John Cochrane’s grumpy about the state of behavioral political economy.  From his review of Schnellenbach and Schubert’s recent literature review:

 I came away horribly disappointed. Not with the paper, but with the state of the literature that the authors ably summarize.

I notice a lot of theory rather than fact. Stigler and company were
deeply empirical.  That theory seems focused almost entirely on
individual perceptual and decision-making biases, rather than how people
in groups produce bad decisions.

[…]

Again, and again, things we ought to listen to in order to construct new theories. Please could we try to study a single fact?

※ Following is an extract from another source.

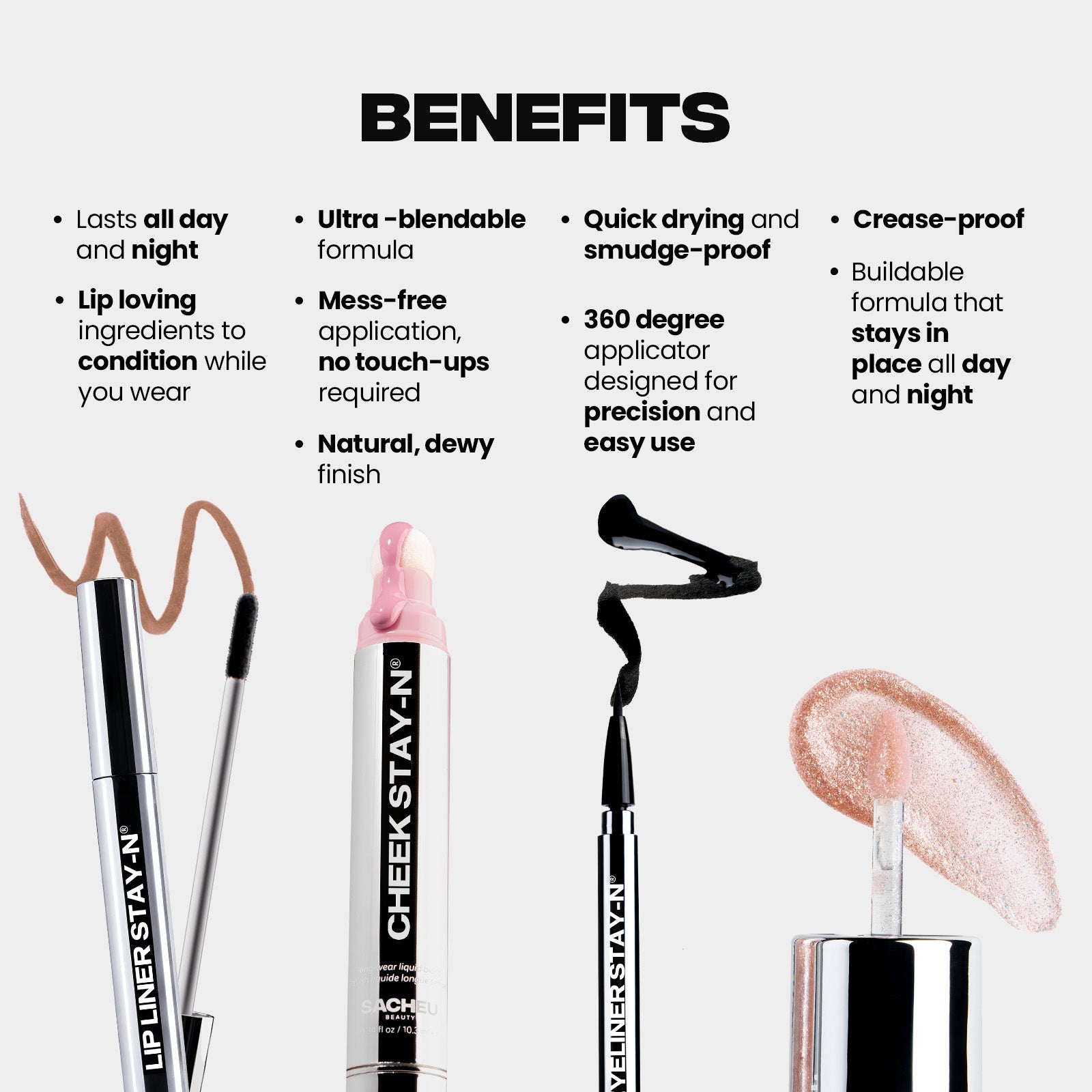 Meet All Day Glam. Featuring the shades SACHEU founder Sarah Cheung swears by, this full face set is your shortcut to looking put together when you only have 10 minutes to get ready. From 8AM meetings to midnight mischief this set STAY(N)s put, no touch-ups required.

I always try to begin my teaching and research in behavioral political economy with fact, not literature-driven theory.  But my default model is to simply insert the weird empirics of public opinion into the standard Median Voter Model.  This almost instantly implies that people in groups produce bad decisions, but I suspect Cochrane wants a richer model.  John, does any of this suit you better? 

Cochrane’s review ends insightfully:

[T]o indulge in a little behavioral ex-post story telling of my own, a
behavioral Stigler would be hated equally by the public choice school,
which uses rational-actor economics, and by behavioral economists, who
seem, in this wide-ranging review, to remain overwhelmed by
dumb-voters-in-need-of-our-enlightened-guidance dirigisme.

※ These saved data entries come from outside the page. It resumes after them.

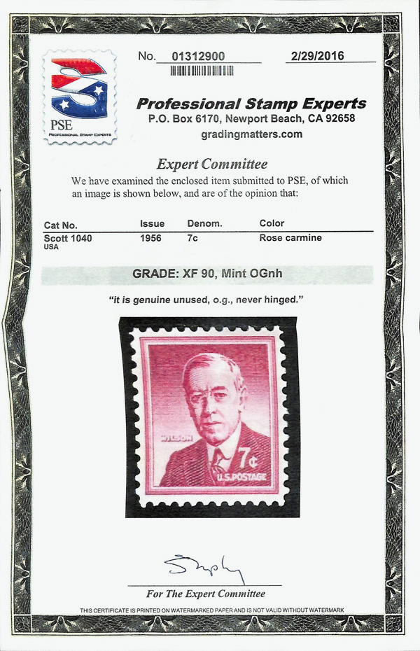 7346 nh 1040 image1956, Liberty Issue, 7¢ Wilson (Scott 1040), o.g., never hinged, Extremely Fine, with 2016 P.S.E. certificate graded XF 90.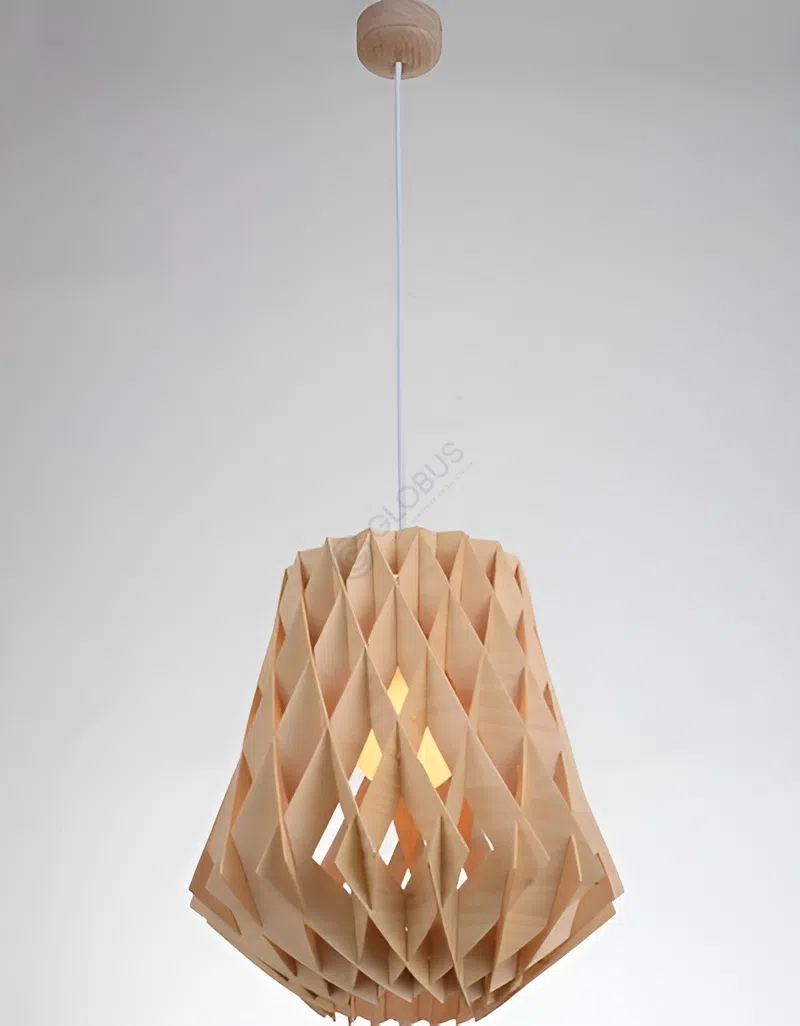 Этот подвесной светильник представляет собой изящное сочетание природной красоты и современного дизайна. Его абажур, искусно выполненный из тонких деревянных элементов, создает уникальную геометрическую структуру. Свет, проникая сквозь этот ажурный узор, формирует мягкие тени, наполняя пространство уютной атмосферой.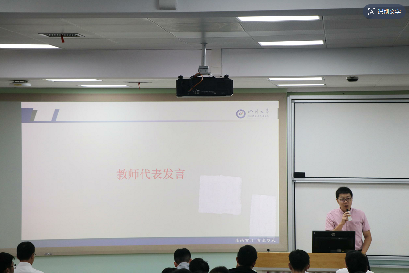 随后,教师代表王亚楠教授发言。王亚楠教授给大家分享了自己在川大的求学生活,同时提出了四点建议:一是保持好奇心和求知欲;二是学会自我管理和时间规划;三是积极参加校园活动与社会实践;四是保持积极乐观的心态。“愿你们怀抱梦想又脚踏实地。”这是王亚楠教授对同学们提出的期许�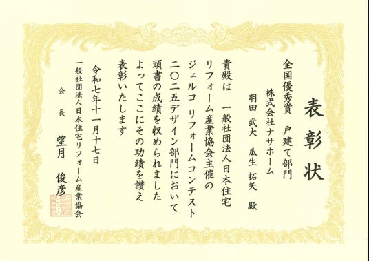 株式会社ナサホームは、創業以来「快適で幸福な住空間の創造提供」をミッションに、関西・関東・中京エリアを中心にリフォーム事業を展開しております。今回の受賞を励みに、これからも住まいが本来持つ価値と、そこに息づく想いを大切にしながら、一人ひとりの暮らしに寄り添った住まいづくりを続けてまいります。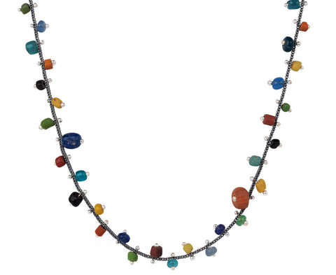 From the quiet and enigmatic collection of Ten Thousand Things comes their classic Ancient Bead Necklace using beads that were once used for trading in Asia. The muted, multi-colored beads are studded at 1/4" intervals along a pale silver foxtail chain. Fastens with a smooth, hand-finished toggle closure.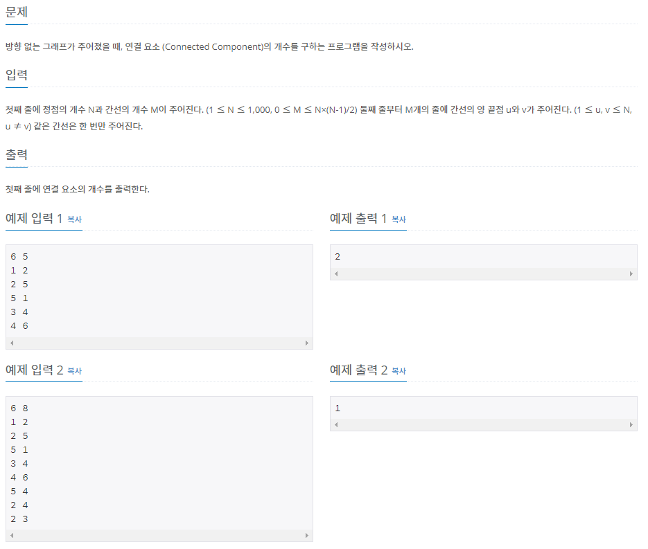 - 방향 없는 그래프에서 연결 요소를 구하는 문제이다. 첫 번째 예제 입력을 예로 들면 노드 1, 2 5가 연결되어있고 노드 3, 4, 6이 연결돼있으므로 총 2개가 답이 되는 것이다.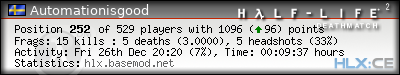 | Rank | Server | Kills | % | Ratio | Deaths | K:D | Headshots | Percentage of Headshots | % | HS:K |

This is exactly the situation I saw when I started my research on voter irrationality.  Since I wrote The Myth of the Rational Voter, however, at least Virginia School public choicers have become more open-minded.*  So I think the remaining barrier to progress is the mismatched marriage of behavioral economics and academic leftism.  Alas, this long-standing marriage continues to have much higher academic status than the public choice tradition of Buchanan and Tullock.

* This could have something to do with the fact that I’ve been teaching graduate public choice at the leading bastion of Virginia School public choice for over a decade.  As Kuhn taught us, get ’em young.